Pero los agrotóxicos no sólo afectan a los viven cerca de la zona de cultivos sino que nos confronta a la manera en que nos alimentamos y cómo detrás de una verdura que compramos puede haber relaciones de explotación, o por el contrario el intento de comerciar de un modo más justo o producir en forma más agroecológica. Los transgénicos están generando hoy una serie de problemas ambientales y sociales de los cuales sólo se puede salir si pensamos un poco fuera de esa matriz y armamos un camino alternativo que pueda dar solución a la población en términos generales.
—El apoyo a la agricultura transgénica y a la economía extractivista es acaso uno de los pocos puntos de contacto que mantienen el gobierno anterior con el actual ¿Cómo se da esta continuidad?
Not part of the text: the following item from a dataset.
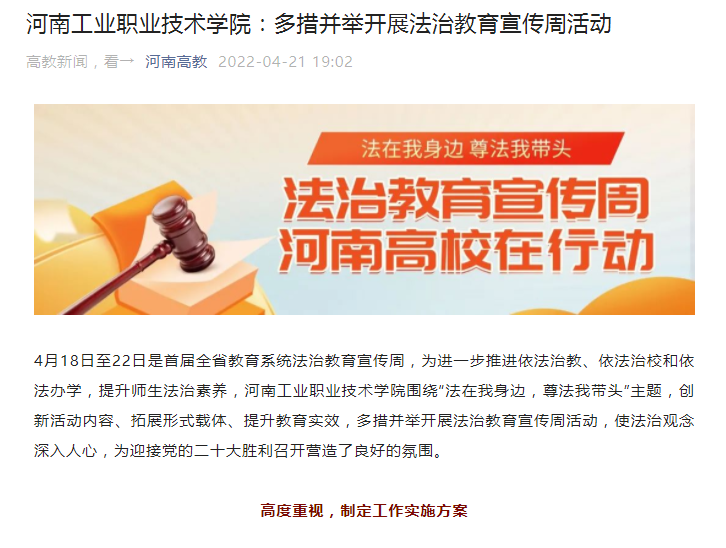 2022年4月18日至22日是首届河南教育系统法治教育宣传周。为进一步推进依法治教、依法治校和依法办学,提升师生法治素养,学校统筹制定法治教育宣传周活动方案,扎实开展教职工法律法规专题政治学习活动、线上法治学习活动、法治教育主题团日活动、法治教育进社区活动、法治教育观影活动等,营造了学法用法的浓郁氛围。学习强国、河南高教报道beat365法治教育宣传周系列活动。(撰稿/刘天恒 单位审核/杨俊峰 编审/杨爽)
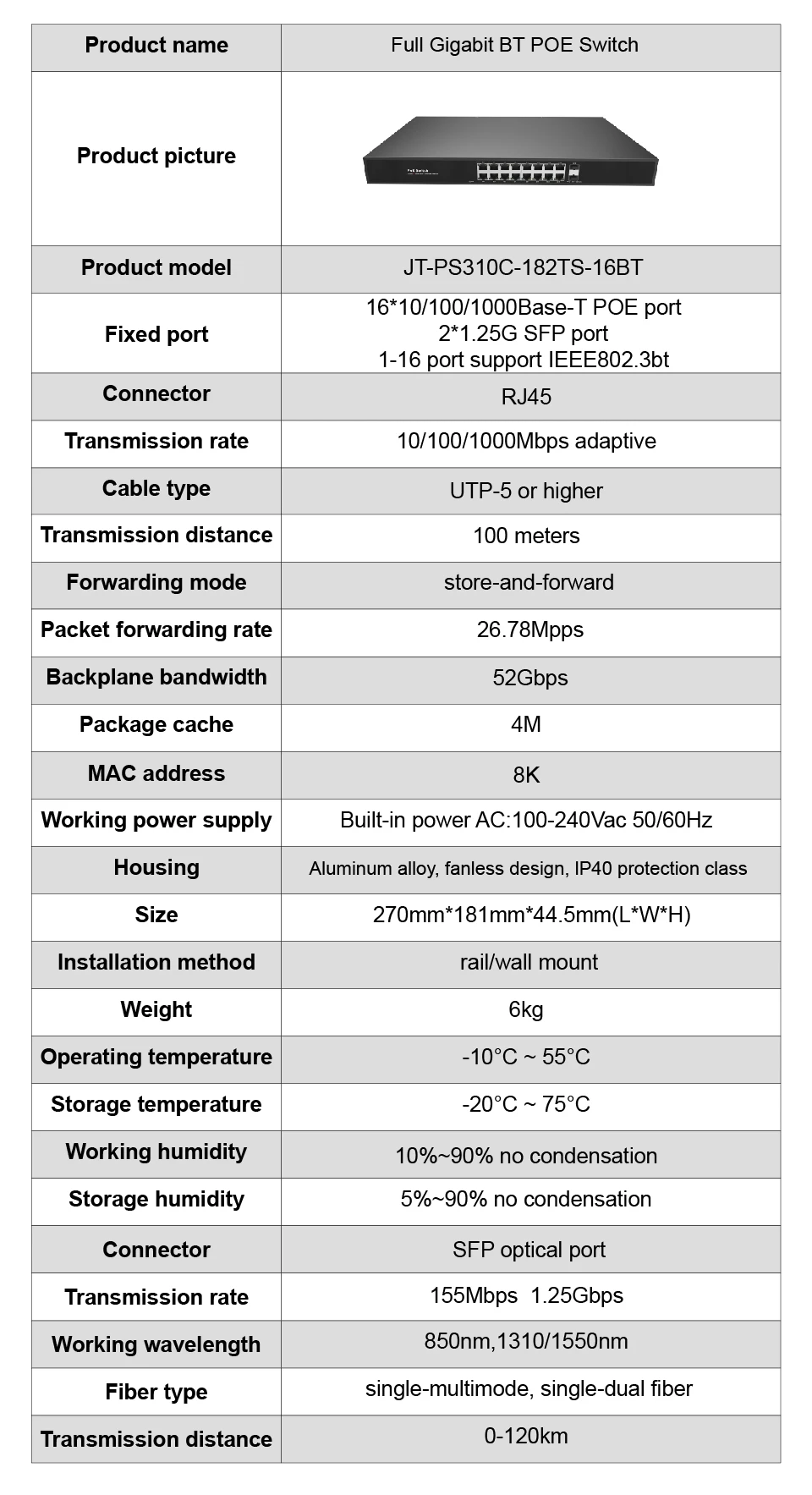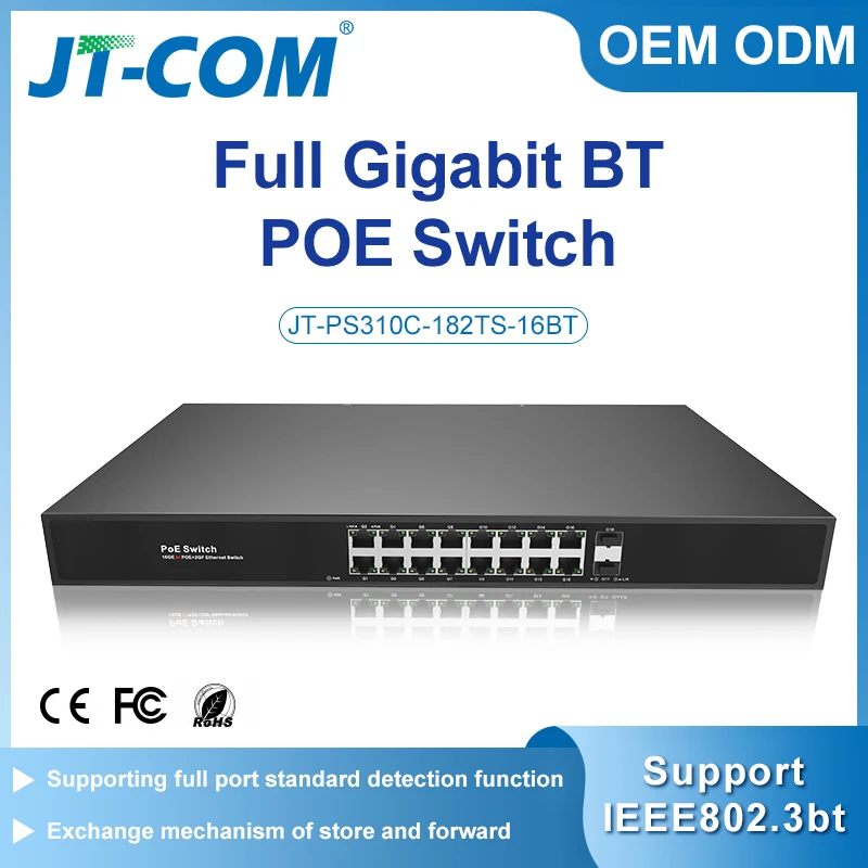 Comprar Interruptor PoE BT no gestionado con puertos de ranura SFP de 2x1000M y puertos PoE de 16x100/1000M

—El modelo extractivo ha tenido en la Argentina una continuidad sin pausa desde que se asienta en los 90. Durante los años del kirchnerismo se profundiza y se prolonga hacia el presente, aún con la llegada de un gobierno de distinto signo político del anterior. Frente a eso, tenemos un ciclo que pasa de la protesta a la desmovilización por parte de los movimientos campesinos o de productores que responden a distintas estrategias que se van poniendo en juego de acuerdo al contexto. Este paradigma se ha profundizado en el gobierno actual con la expansión del agronegocio y sin contar con un área de gobierno que funcione como interlocutora del pequeño productor o agricultor familiar.
—No es una novedad la relación problemática entre los gobiernos progresistas y la preservación del medio ambiente ¿En el caso del kirchnerismo la tolerancia hacia multinacionales que han recibido objeciones por sus prácticas ambientales como Monsanto o Barrick Gold se explica por la activación económica que suponen el accionar de estas empresas en el país?
—Esas “concesiones” responden un poco a la lógica de que para redistribuir la riqueza primero hay que crecer. Si la economía no crece, no se puede redistribuir esa riqueza porque no hay. La paradoja que se genera a partir de una política tolerante hacia el cultivo con agroquímicos es que tal vez se logra aumentar el ingreso de ciertos sectores más rezagados pero después esa ganancia se diluye porque se utiliza para afrontar los gastos de las enfermedades que genera la exposición a esas sustancias tóxicas.
Los sucesivos gobiernos kirchneristas terminaron cediendo a grandes multinacionales como la Barrick Gold o Monsanto pero también a otro actor importante que está invisibilizado, que son las grandes compañías acopiadoras de granos, que son los grandes jugadores globales de los commodities, a los cuales se los benefició con grandes exenciones fiscales.
Si uno evalúa el ciclo progresista en América Latina se puede ver que este tipo de gobiernos redistribuyeron ciertos recursos y reconocieron derechos pero sin modificar la matriz productiva, es decir, sin tratar de revertir esta dependencia a las semillas transgénicas, a los agrotóxicos y a la gran maquinaria agrícola. Sí se reconoció a los pequeños productores a través de ciertas políticas pero sin redistribuir las relaciones de poder y tratar de hacer más igualitaria la relación entre esos pequeños productores y la elites agrarias en la Argentina.